O ergaster também foi o primeiro a ter menos quantidade de pêlos pelo corpo (uma
adaptação ao clima, que ficou mais quente há 1,8 milhão de anos atrás ou uma
adaptação a longas caminhadas e a necessidade de suar para manter estável a
temperatura corporal).
Suas proporções corporais, vale repetir, eram semelhantes à nossa. Foi a primeira
espécie humana a ter o braço menor que as pernas, indicando o total abandono da
vida arbórea, passando para uma locomoção tipicamente terrestre. Para aumentar o
volume do pulmão e permitir caminhadas mais longas, o tórax teve de se expandir,
surgindo um tronco em forma de barril como o nosso (e não afunilado, como
veremos nos Australopithecus e no habilis).
Houve um estreitamento da pélvis (para facilitar as caminhadas), o que reduziu a
passagem dos bebês (do útero à luz) e, consequentemente, aumentou a
dependência do recém-nascido após o nascimento.

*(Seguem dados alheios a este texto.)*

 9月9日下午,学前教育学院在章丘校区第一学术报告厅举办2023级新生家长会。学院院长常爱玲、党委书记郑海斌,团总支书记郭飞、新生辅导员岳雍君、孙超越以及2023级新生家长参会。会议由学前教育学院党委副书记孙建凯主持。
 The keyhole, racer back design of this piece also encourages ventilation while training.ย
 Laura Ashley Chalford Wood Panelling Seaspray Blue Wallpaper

É que os cérebros tiveram que
ficar menores antes do nascimento e começar a crescer depois, por causa do
estreitamento da pélvis.
O Homo ergaster, uma das espécies mais bem conhecidas pelos
Paleoantropólogos, visto de longe, poderia ser confundido com um ser humano
atual, indicando que nosso corpo (da maneira que é hoje) surgiu há quase 2 milhões
de anos. Nosso cérebro, da maneira que é hoje, surgiu há 200.000 anos, e nosso
comportamento, da maneira que é hoje (com capacidade simbólica e abstrata)
surgiu (ou, pelo menos, expandiu-se) há 50.000 anos.

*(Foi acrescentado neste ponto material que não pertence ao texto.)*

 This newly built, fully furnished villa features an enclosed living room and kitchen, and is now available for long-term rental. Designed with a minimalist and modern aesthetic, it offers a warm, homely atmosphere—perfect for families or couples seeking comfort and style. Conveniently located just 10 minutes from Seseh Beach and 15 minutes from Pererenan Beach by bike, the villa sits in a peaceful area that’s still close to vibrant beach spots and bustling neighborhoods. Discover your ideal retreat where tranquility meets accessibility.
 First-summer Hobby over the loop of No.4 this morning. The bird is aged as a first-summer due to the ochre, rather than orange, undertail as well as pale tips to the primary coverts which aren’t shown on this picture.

Fonte: http://wiki.kkc.school.nz/index.php/Homo_ergaster
7.3. Sobre a perda dos pêlos:
Segundo Richard G. Kelin, a partir do Homo ergaster (após o Homo habilis), há mais
ou menos 1,8 milhão de anos, os pêlos começaram a ficar menores no gênero
Homo:
"Já que o ergaster foi feito para um clima quente e seco,
podemos especular que ele foi também a primeira espécie
humana a possuir pele nua, quase sem pêlos. Se tivesse
pêlos cobrindo o corpo, como os macacos, não poderia
suar de maneira adequada, e o suor é o meio mais
importante que os seres humanos - e o cérebro - têm para
evitar o superaquecimento do corpo." (página 86 do livro
"O Despertar da Cultura").
Robert Foley, no livro "Os Humanos Antes da Humanidade", concorda. No entanto,
como esse livro foi escrito há mais tempo, o autor não conseguiu determinar a partir
de qual espécie teria surgido:
"O atributo-chave provavelmente foi a perda de pêlo.

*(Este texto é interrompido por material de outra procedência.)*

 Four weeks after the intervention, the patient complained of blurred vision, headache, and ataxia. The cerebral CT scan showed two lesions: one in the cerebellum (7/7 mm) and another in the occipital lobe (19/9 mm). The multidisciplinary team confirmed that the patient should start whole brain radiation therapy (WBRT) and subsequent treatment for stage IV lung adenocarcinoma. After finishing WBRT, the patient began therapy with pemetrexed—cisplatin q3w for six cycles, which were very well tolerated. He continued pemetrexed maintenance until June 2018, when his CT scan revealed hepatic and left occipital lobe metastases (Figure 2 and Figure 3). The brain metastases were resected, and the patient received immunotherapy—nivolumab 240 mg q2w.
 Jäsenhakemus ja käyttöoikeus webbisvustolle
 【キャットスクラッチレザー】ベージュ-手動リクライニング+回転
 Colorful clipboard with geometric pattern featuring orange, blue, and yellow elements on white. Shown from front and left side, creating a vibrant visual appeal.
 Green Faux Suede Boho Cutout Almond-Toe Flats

Estritamente falando, os humanos não são 'pelados', mas
apresentam uma pelagem extremamente miniaturizada,
cobrindo a maior parte do corpo, embora haja variações
drásticas, dependendo do sexo e de região geográfica."
(página 181 do livro supracitado).
O autor, depois dessa introdução, fala sobre as teorias históricas sobre a perda de
pêlos, dentre as quais, a famosa e totalmente descartada "fase aquática" dos
hominídeos. Depois, conclui:
"Os humanos modernos, pelo menos, trazem em sua
anatomia e em sua fisiologia as marcas de uma espécie
que evoluiu no contexto de estresse térmico extremo. É
impossível determinar com precisão quando esse
estresse ocorreu, mas como o bipedalismo se
desenvolveu muito cedo, e talvez ele próprio esteja
relacionado ao estresse térmico, pode ter acontecido que,
durante os estágios formativos da linhagem humana,
alguma coisa que os hominídeos vinham fazendo
resultava em que eles sentissem muito calor. Caminhar
através de vastas extensões em busca de alimento foi de
importância crítica, tanto para a evolução da fisiologia
térmica como da anatomia locomotora dos humanos, e é
também uma estratégia comportamental de importância
crucial." (página 182 do livro "Os Humanos Antes da
Humanidade").
Portanto, os pêlos podem ter caído quando o Homo ergaster, há 1,8 milhão de anos,
começou a vasculhar grandes extensões do planeta, segundo Klein. Ou, na teoria de
Foley, os pêlos podem ter caído pelos mesmos motivos que levaram os grandes
antropóides antigos a se tornarem bípedes (grandes caminhadas), e, se for assim, a
perda de pêlos teria acontecido nos últimos Australopithecus.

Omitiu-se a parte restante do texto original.